The BYOND engine I’m attempting to use is problematic in that it has some additional overhead in being an online virtual world engine.  There’s always that additional layer of latency to deal with, even in a BYOND game that is single player, and this makes recreating even a late 1980s game like Sentinel Wars quite difficult despite the comparative technological advantage of a 2008 system.

However, BYOND drops a powerful tile-based engine, with animation and facing handling of sprites, and a powerful content distribution modle that makes bringing together several players onto the same gameplay world easy.   Thus, the cost of designing my way around BYOND overhead becomes somewhat worth, especially if I make sure my design makes good use of the multiplayer aspect which required that overhead to begin with.

2 Responses

  1. After playing about 2 hours of Fallout 3 myself and quickly disregarding it as a rehasht of previous games, I can’t help but wonder what is next after this “gaming” wave that we seem to be riding. What do I mean by this? Fallout 3 has an average review score of 92%. Every experienced gamer I’ve talked to say it plays / looks / feels like shit after the spectacle of a Fallout sequel wears off. Where are the quality games for people who play games?
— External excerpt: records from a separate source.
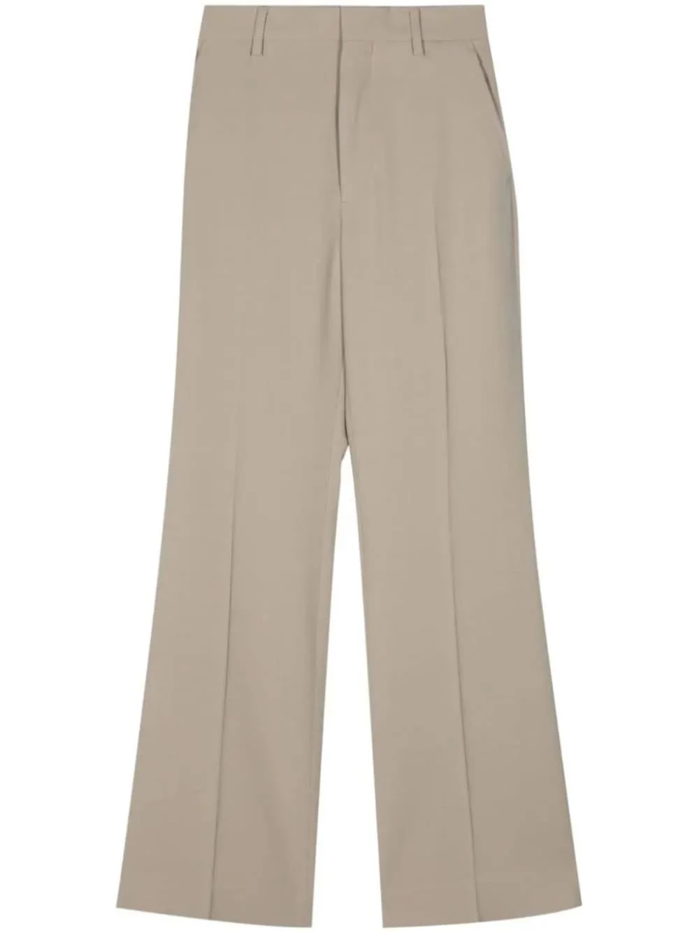 flared twill trousers Highlights - Taupe grey - Twill weave - Pressed crease - Dart detailing - Belt loops - Mid-rise - Straight leg - Two side inset pockets - Two rear button-fastening pockets - Concealed front button, hook and zip fastening - Unlined Imported Composition Outer: Viscose 55%, Virgin Wool 45% Lining: Polyester 100%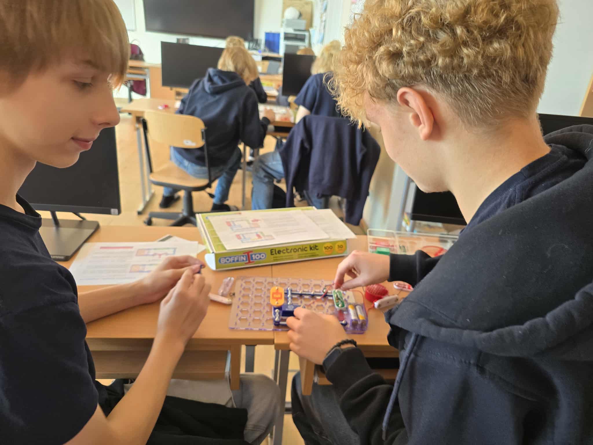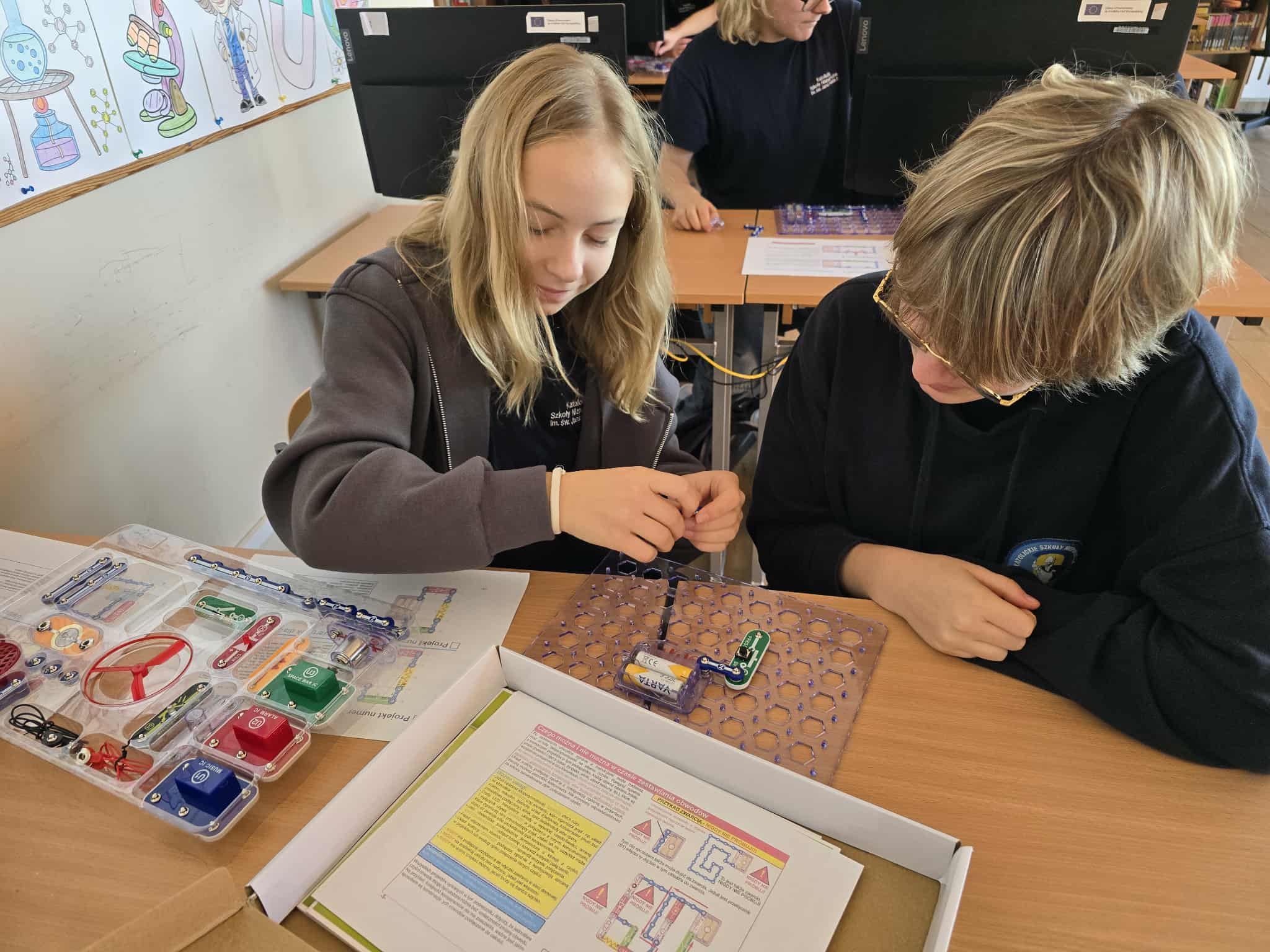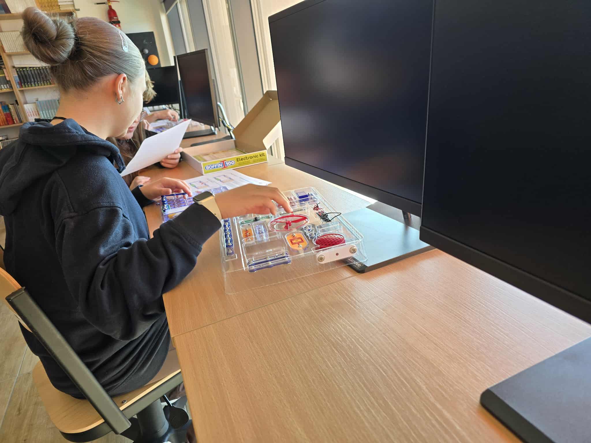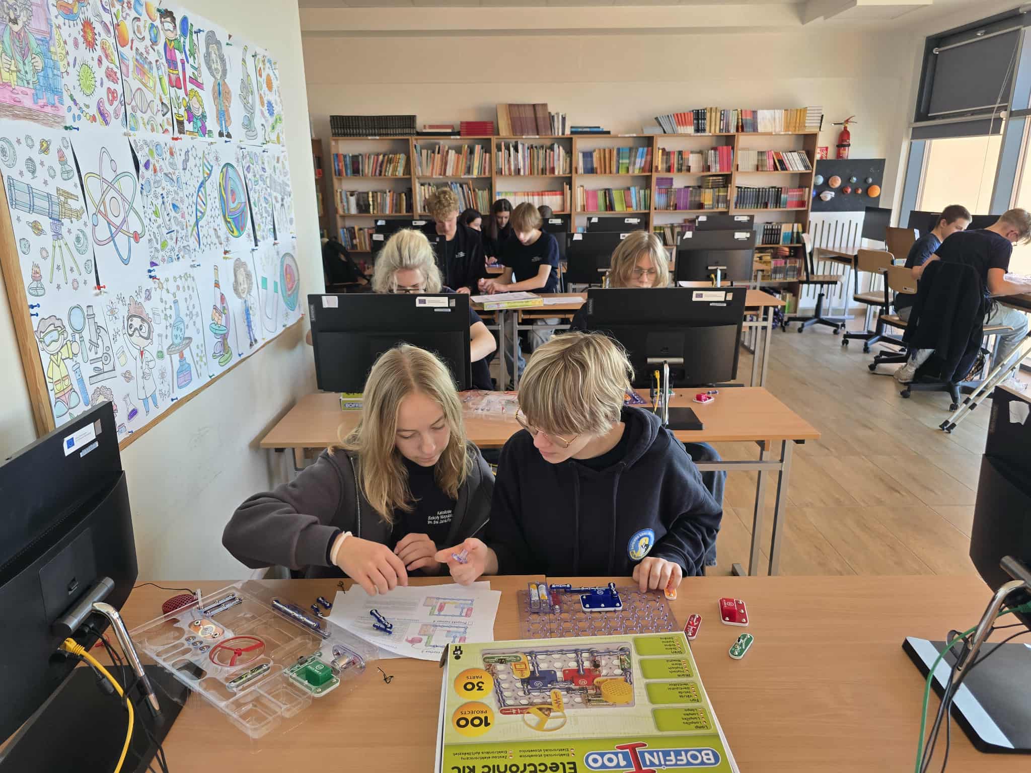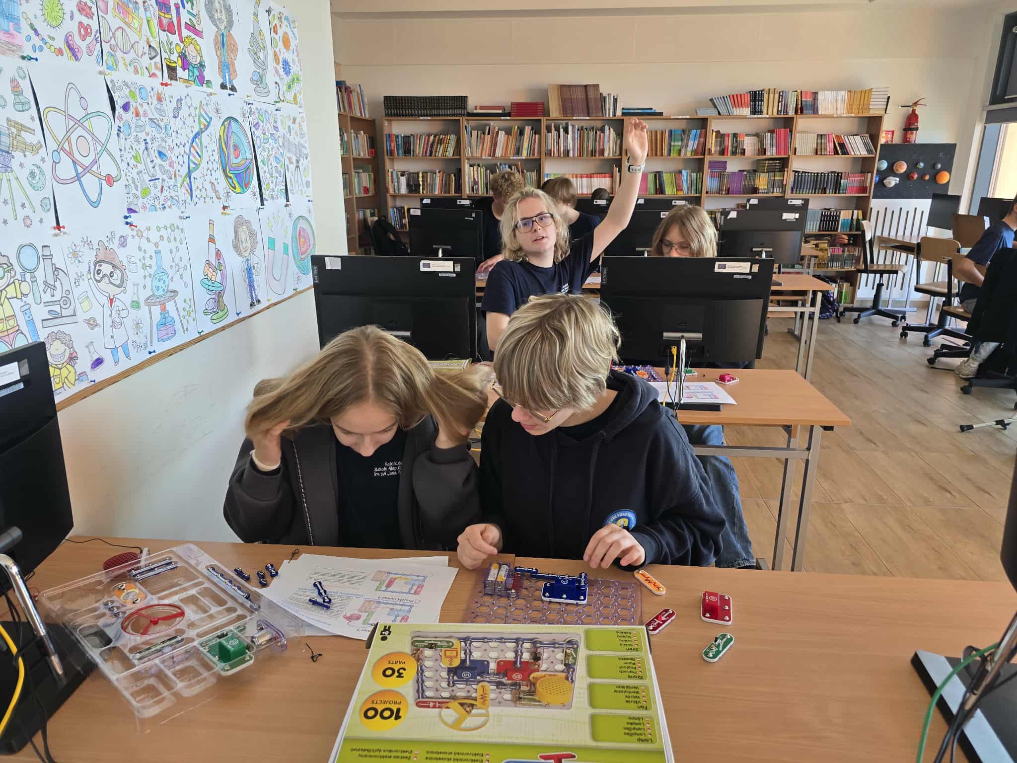 Dziś na zajęciach z fizyki uczniowie klasy 8 przenieśli się w fascynujący świat elektroniki! Uzbrojeni w zestawy "Małego Elektronika", młodzi adepci wiedzy zgłębiali tajniki prądu elektrycznego, budując własne obwody i eksperymentując z różnymi układami.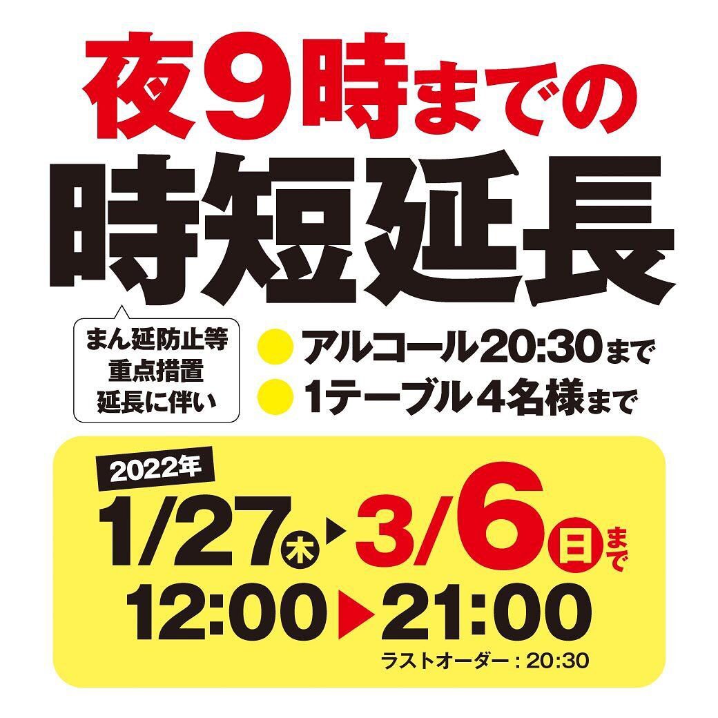 時短営業☆延長~大阪府のまん延防止措置延長にともない#時短営業 を3月6日まで継続することになりました★営業時間12:00~21:00・アルコールの提供20:30まで・1テーブル4人までこれがきっと最後!と信じます!今しばらくご協力お願いします#あたりや食堂東心斎橋店 はお昼12時から営業中#昼飲み 大歓迎♪定食メニューや弁当や丼のテイクアウトもやってますお気軽にご利用くだい#心斎橋居酒屋あたりや食堂 #あたりや食堂 #心斎橋グルメ #心斎橋ランチ #心斎橋パルコ #立ち飲み #アワビ踊り焼き #刺身 #日本酒バー #心斎橋テイクアウト #心斎橋デリバリー

    I wonder what will come next. Maybe this form of entertainment will stay stuck to the younger generation, allowing them to grow and experience (for the first time) games that are essentailly rehashes of what we played as kids.

    Makes me wonder what will replace gaming for those who are done with it all together?

  2. First, I have to go a little off track and say that Bethesda’s Elder Scrolls IV: Oblivion was another game that pulled great reviews despite being a bit shallow after the spectacle and immersion wore off. I’d have to say that Fallout 3 (based on the same engine and bearing many similarities to Oblivion) received the stellar treatment from reviewers for the same reason – they’re mostly rating that initial immersion factor.

    Judging by Yahtzee’s reaction, not everybody’s going to agree with that methodology. As for me, I think Fallout 3’s pretty good if you’re expecting more Oblivion and avoid the main plot line for fear of completing it and being smacked in the face with that wet-mackerel of an ending.

    Back to what you’re talking about. When it comes to quality in gaming, it seems to me that it’s just a coincidence when I can find a good commercial product that scratches that old school gaming itch anymore. These days, most development companies are busy shelling out for a giant niche (e.g. “the younger generation”) and that tends to leave hard-to-please smaller niches (e.g. “old school gamers”) out in the cold.

    It’s part of the reason I spent the majority of this weekend dabbling in BYOND with what’s currently shaping up to be an online, 2D top down perspective, Dwarf Fortress/Crimsonland/Mechwarrior hybrid: I’ve become so disgusted with the commercial game situation that I’ve taken to “rolling my own.”

    What will replace gaming for those who are done with it altogether? Meh, a person can always find another hobby, I suppose. As for me, gaming has been my heart and soul so long that my bone marrow now synthesizes a chemical desire to keep trying to find satisfaction within it. I was playing games with most of my free time for some 15 years before we even met.